-------- Data shown

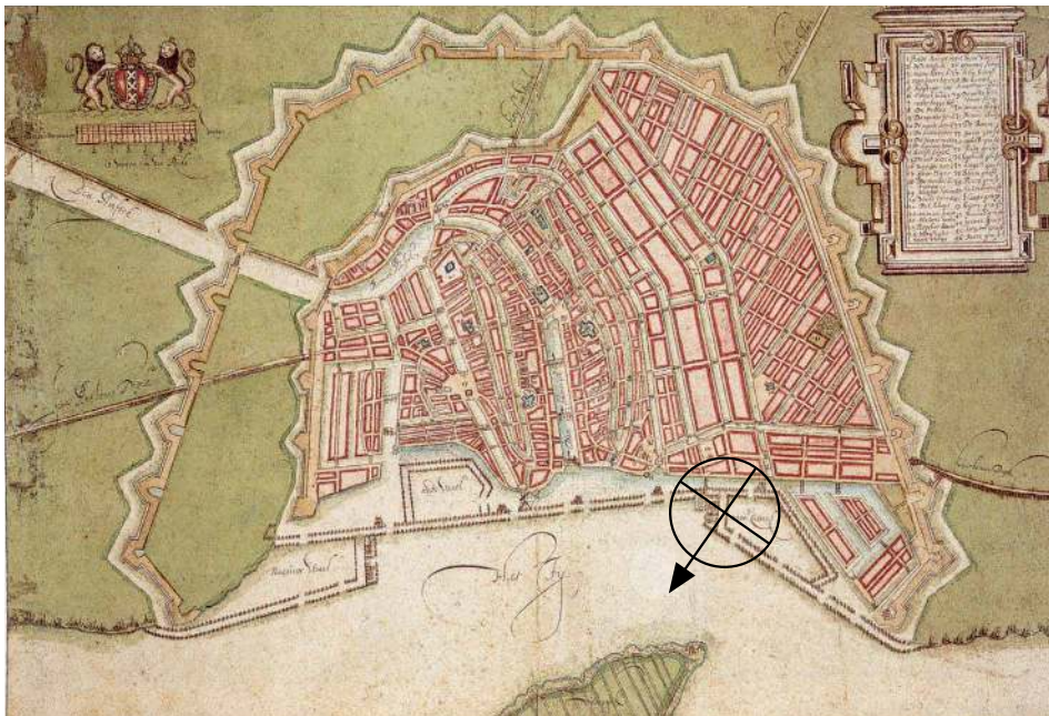
Fig. 14 Anonymous artist Amsterdam 1623-1626 Pen in brown, brush in colour, 32.6 x 47.7 cm Amsterdam City Archives, inv. no. 10035/406

The original inn was renamed the Old City Inn when the second one was built in 1661.
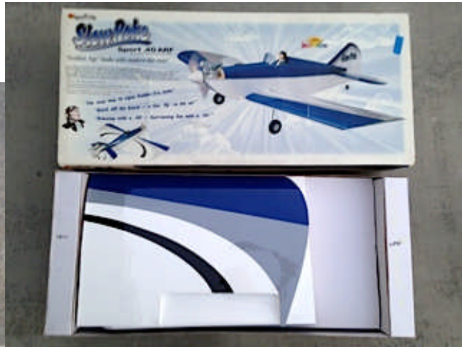
61" Slowpoke kit
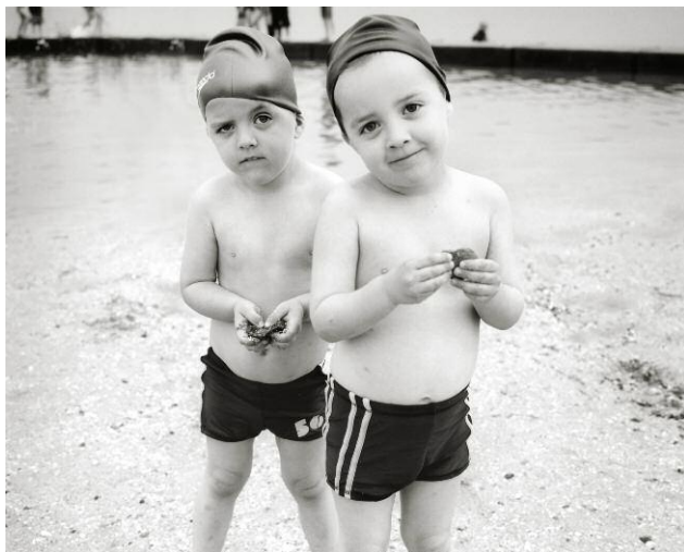
3 Canvey Island
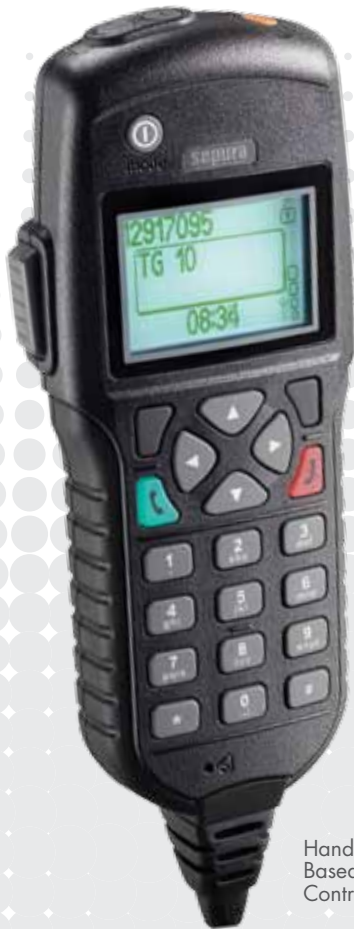
Handset Based Control
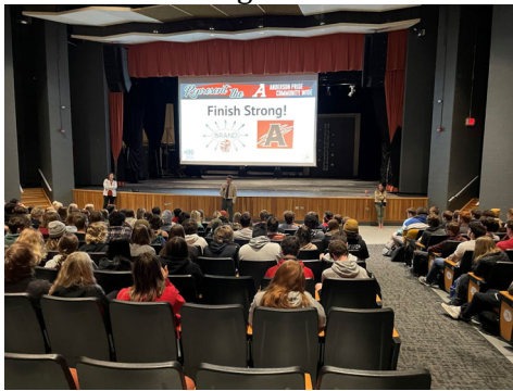
Senior Class Meeting- focusing on finishing strong!
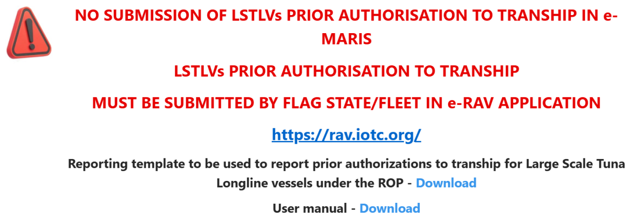
Figure 14: Requirement 8.7 – Integration e-MARIS/e-RAV. Requirement 8.7 is provided in PDF format in the meeting document IOTC-2026-WPICMM09-12_Add4 and is available for consultation in the e-MARIS application - CoC24 – 2027 assessment campaign .
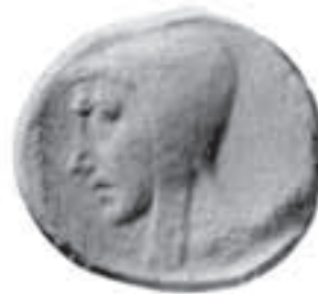
Fig. 5. Pontic anonymous obol with possible portrait features of Mithridates VI.

Portraits of Mithridates have been suggested on other coin issues as well. Coins imitating the tetradrachms of Alexander struck in Messembria and Odessos under Mithridates have been suggested to carry his portrait in the guise of Herakles, but in a large study of the coinage
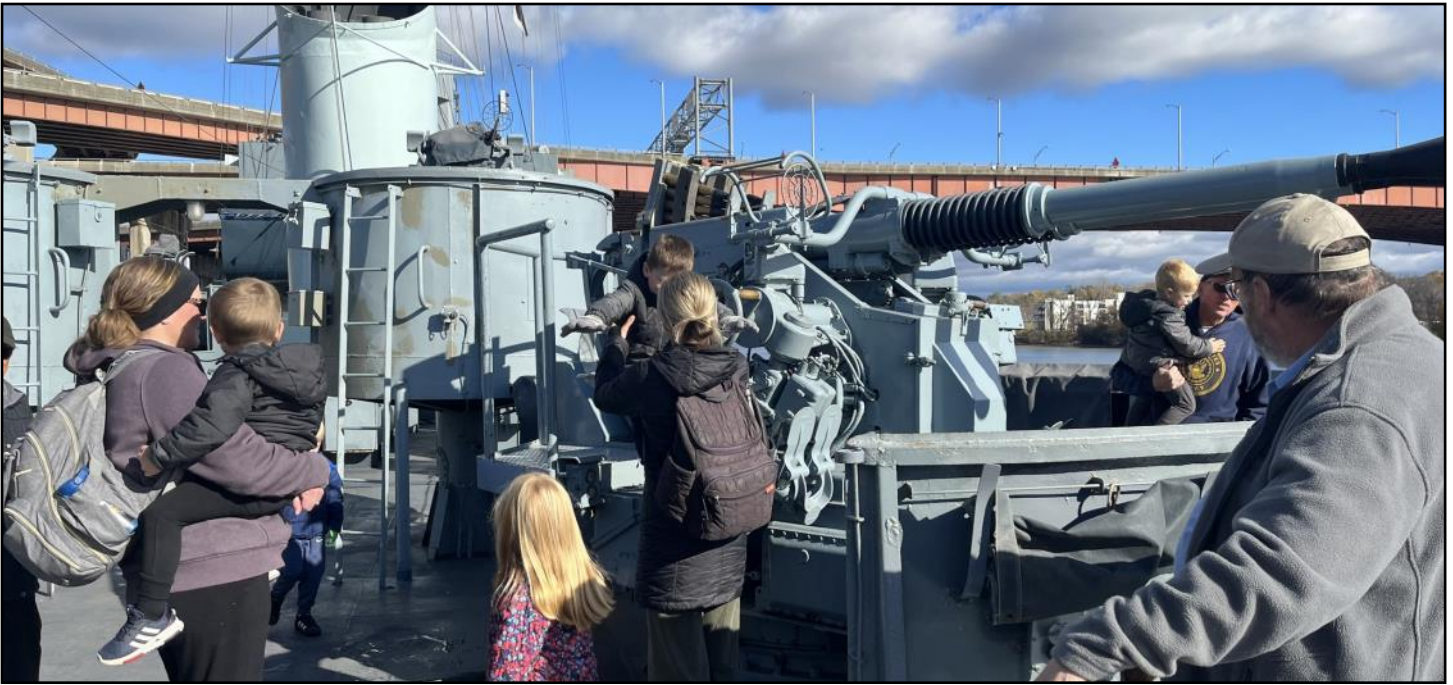
It was a great year for tours.
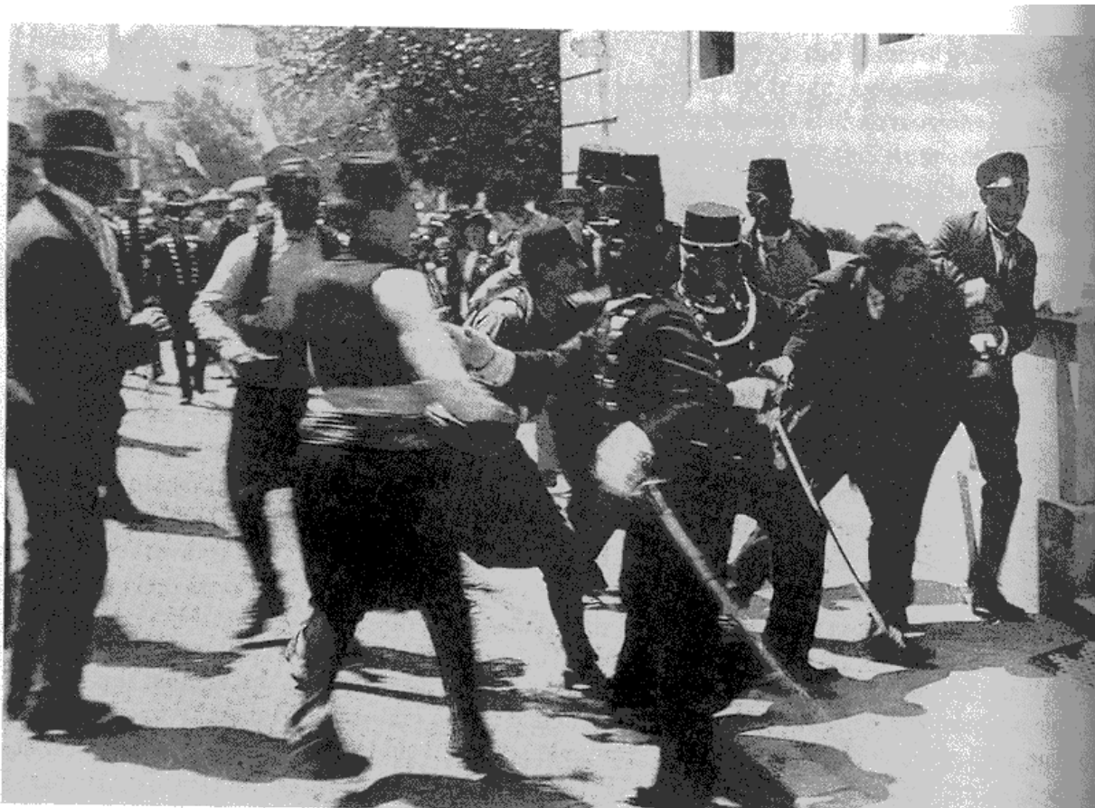
Gavrilo Princip is seized by police, moments after mortally wounding Archduke Francis Ferdinand and his wife.
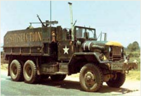
1959 M35 Cost = $15,000 ea

Driver Assisted Features (Pwr Steering & Air Brakes)
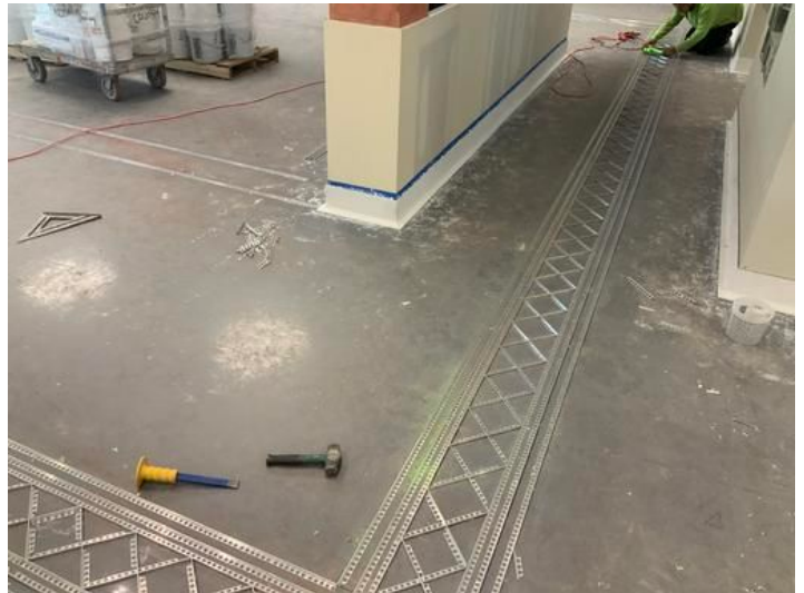
Lobby Terrazzo Tracks Taken on May 10, 2024, 1:03 PM CDT Added on May 10, 2024, 1:18 PM CDT Added by Ken Gleason
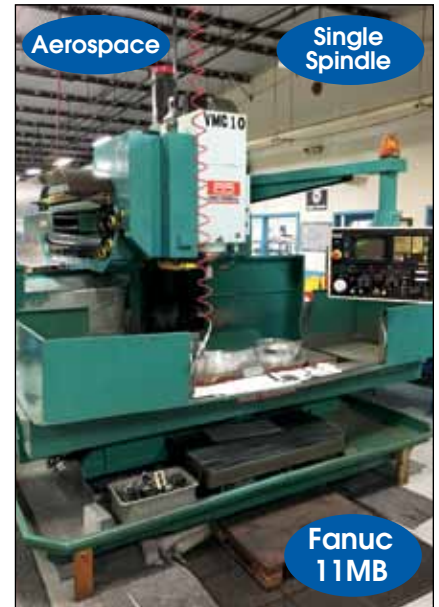
MATSUURA # MC-1000V CNC VMC
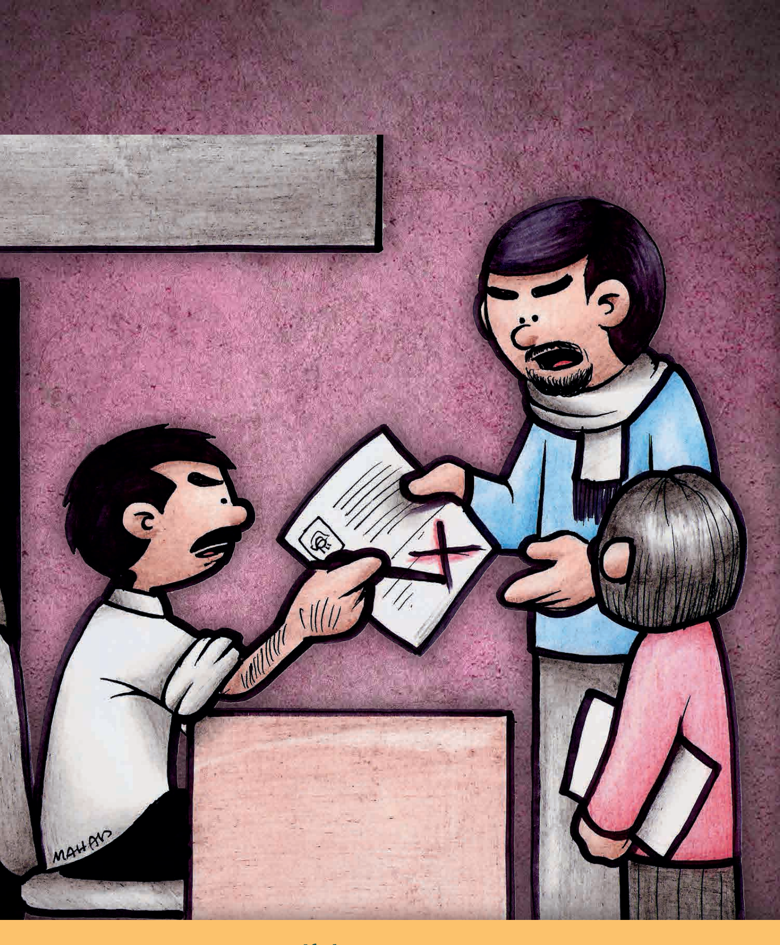
If they reject us.
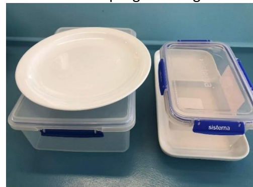
Four containers left behind at the Disco. Please collect them from the staff room.

----------------

### [Aim of the exercise]
Copying starts at the line containing "Gavrilo Princip is" and ends at the last line of the material above; repeat only those lines exactly and omit the pictures.

### [Expected answer]
Gavrilo Princip is seized by police, moments after mortally wounding Archduke Francis Ferdinand and his wife.
1959 M35 Cost = $15,000 ea

Driver Assisted Features (Pwr Steering & Air Brakes)
Lobby Terrazzo Tracks Taken on May 10, 2024, 1:03 PM CDT Added on May 10, 2024, 1:18 PM CDT Added by Ken Gleason
MATSUURA # MC-1000V CNC VMC
If they reject us.
Four containers left behind at the Disco. Please collect them from the staff room.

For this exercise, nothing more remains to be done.